| Your instructions |
Would you write out each line of the material below exactly, skipping every picture?

| Given material |
· · · · ·
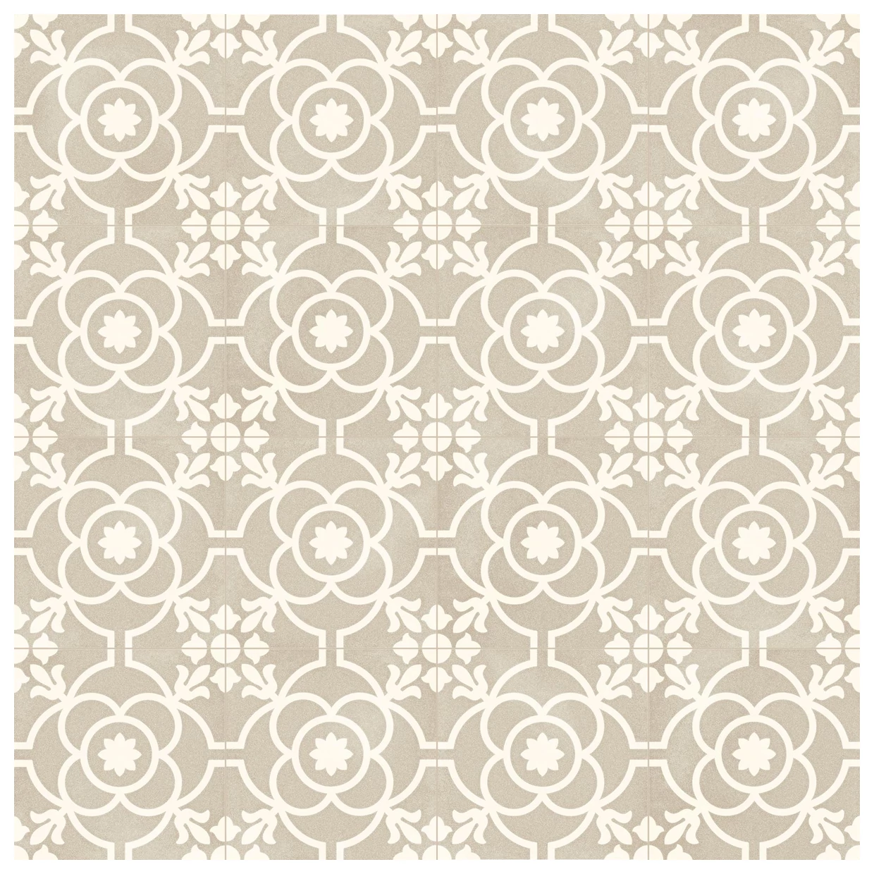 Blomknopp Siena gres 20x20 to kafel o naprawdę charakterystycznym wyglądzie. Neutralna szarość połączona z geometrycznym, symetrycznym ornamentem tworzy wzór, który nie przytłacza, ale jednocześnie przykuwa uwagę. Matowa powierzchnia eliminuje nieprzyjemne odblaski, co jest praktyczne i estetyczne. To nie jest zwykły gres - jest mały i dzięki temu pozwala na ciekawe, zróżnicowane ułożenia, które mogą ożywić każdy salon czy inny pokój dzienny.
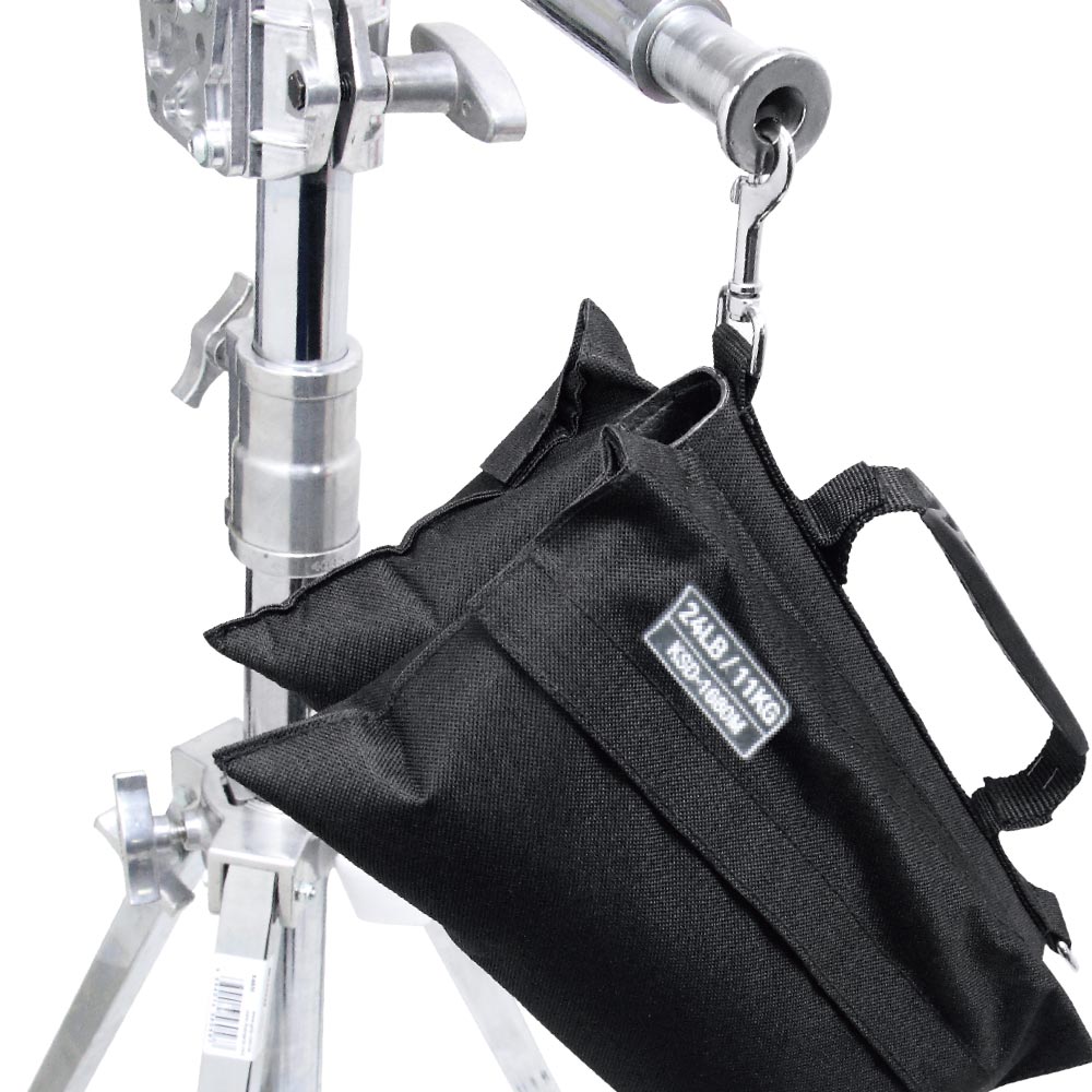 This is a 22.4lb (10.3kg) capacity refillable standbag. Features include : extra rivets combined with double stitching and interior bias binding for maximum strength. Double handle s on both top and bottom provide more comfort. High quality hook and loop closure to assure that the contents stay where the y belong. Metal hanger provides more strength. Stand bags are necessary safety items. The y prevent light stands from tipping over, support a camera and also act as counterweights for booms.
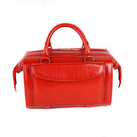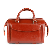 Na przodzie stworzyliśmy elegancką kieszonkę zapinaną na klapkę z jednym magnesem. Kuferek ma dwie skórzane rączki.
· · · · ·
| Task response |
 Blomknopp Siena gres 20x20 to kafel o naprawdę charakterystycznym wyglądzie. Neutralna szarość połączona z geometrycznym, symetrycznym ornamentem tworzy wzór, który nie przytłacza, ale jednocześnie przykuwa uwagę. Matowa powierzchnia eliminuje nieprzyjemne odblaski, co jest praktyczne i estetyczne. To nie jest zwykły gres - jest mały i dzięki temu pozwala na ciekawe, zróżnicowane ułożenia, które mogą ożywić każdy salon czy inny pokój dzienny.
 This is a 22.4lb (10.3kg) capacity refillable standbag. Features include : extra rivets combined with double stitching and interior bias binding for maximum strength. Double handle s on both top and bottom provide more comfort. High quality hook and loop closure to assure that the contents stay where the y belong. Metal hanger provides more strength. Stand bags are necessary safety items. The y prevent light stands from tipping over, support a camera and also act as counterweights for booms.
 Na przodzie stworzyliśmy elegancką kieszonkę zapinaną na klapkę z jednym magnesem. Kuferek ma dwie skórzane rączki.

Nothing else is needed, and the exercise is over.